In early 1863, Nekrasov succeeded in resuming the publication of Sovremennik. In addition to Nekrasov, the new editorial board included M. E. Saltykov-Shchedrin (to 1864), M. A. Antono-vich, G. Z. Eliseev, and A. N. Pypin. Disagreements among the editors lowered the ideological standards of Sovremennik; nevertheless, during the period of political reaction, it remained the best democratic journal. During 1863–66 it published the novel What Is To Be Done?, which Chernyshevskii had written in the Peter and Paul Fortress, as well as realist works by such writers as Saltykov-Shchedrin, V. A. Sleptsov, F. M. Reshetnikov, and G. I. Uspenskii. The journal was shut down in June 1866. Nekra-sov’s and Saltykov-Shchedrin’s Otechestvennye zapiski (Notes of the Fatherland) carried on the work of Sovremennik.
REFERENCES
Evgen’ev-Maksimov, V. “Sovremennik” v 40–50-kh gg. Leningrad, 1934.Evgen’ev-Maksimov, V. “Sovremennik” pri Chernyshevskom i Dobroliubove. Leningrad, 1936.

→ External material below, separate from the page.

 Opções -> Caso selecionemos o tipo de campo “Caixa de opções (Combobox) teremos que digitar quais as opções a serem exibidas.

Evgen’ev-Maksimov, V., and G. Tizengauzen. Poslednie gody “Sovremennika,” 1863–1866. Leningrad, 1939.
Sikorskii, N. M. Zhurnal “Sovremennik” i krest’ianskaia reforma 1861 g. Moscow, 1957.

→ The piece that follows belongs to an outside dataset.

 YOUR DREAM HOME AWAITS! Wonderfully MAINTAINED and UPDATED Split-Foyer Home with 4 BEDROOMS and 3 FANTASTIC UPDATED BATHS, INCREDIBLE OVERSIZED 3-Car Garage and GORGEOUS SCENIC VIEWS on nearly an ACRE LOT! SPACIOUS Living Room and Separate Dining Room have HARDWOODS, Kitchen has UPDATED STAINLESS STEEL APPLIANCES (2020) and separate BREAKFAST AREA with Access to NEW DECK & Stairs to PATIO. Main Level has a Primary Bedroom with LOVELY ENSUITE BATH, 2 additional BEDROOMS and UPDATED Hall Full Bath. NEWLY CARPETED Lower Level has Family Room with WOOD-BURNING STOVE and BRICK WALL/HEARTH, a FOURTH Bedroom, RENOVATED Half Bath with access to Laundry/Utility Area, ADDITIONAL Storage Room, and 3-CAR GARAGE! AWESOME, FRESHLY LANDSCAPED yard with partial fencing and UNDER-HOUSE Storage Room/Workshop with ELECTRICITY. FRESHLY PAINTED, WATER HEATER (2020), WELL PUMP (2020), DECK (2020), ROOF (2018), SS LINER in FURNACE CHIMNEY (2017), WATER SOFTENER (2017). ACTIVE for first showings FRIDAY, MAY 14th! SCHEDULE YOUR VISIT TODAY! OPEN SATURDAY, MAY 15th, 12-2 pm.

Bograd, V. Zhurnal “Sovremennik,” 1847–1866: Ukazatel’ soderzhaniia. Moscow-Leningrad, 1959.
Ryskin, E. I. Zhurnal A. S. Pushkina “Sovremennik,” 1836–1837: Ukazatel’ soderzhaniia. Moscow, 1967.
N. M. SIKORSKII
Sovremennik
(The Contemporary), a magazine “of literature, politics, science, history, art, and public affairs,” published in St. Petersburg from 1911 to 1915; published monthly until 1914 and then semimonthly. Sovremennik was a major ideological organ of Menshevik Liquidators, Socialist Revolutionaries, Popular Socialists, and left-wing liberals. Until 1913 the de facto editor was A. V. Amfiteatrov, who was succeeded by N. Sukhanov (N. N. Gimmer). Calling itself “a nonparty socialist organ,” Sovremennik pursued a conciliatory policy and tried to combine Marxism with Narodnichestvo (Populism). V. I. Lenin criticized this policy in his works (see Poln. sobr. soch., 5th ed., vol. 25, pp. 251–54, 321–52). Sovremennik published several works by M. Gorky and A. C. Novikov-Priboi.
Sovremennik
(The Contemporary), a publishing house of the State Committee on Publishing, Printing, and the Book Trade of the RSFSR and of the Writers’ Union of the RSFSR.

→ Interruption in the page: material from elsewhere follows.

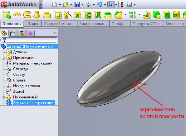 Зеркалим тело чтобы из половинки получить полный элипсоид рис.85.

Founded in Moscow in 1970, the Sovremennik Publishing House publishes works of contemporary writers of the Russian Federation, Russian classics, and books on literary scholarship and criticism. The main series are Biblioteka rossiiskogo romana (Library of the Russian Novel), Novinki “Sovremennika” (Latest Books of “Sovremennik”), Nash den’ (Our Day), Klassicheskaiabiblioteka “Sovremennika” (Classic Library of “Sovremennik”), and Pervaia kniga (First Book). In 1974 the publishing house published 222 book and brochure titles, amounting to 12.179 mil lion copies and 208.276 million printer’s sheets.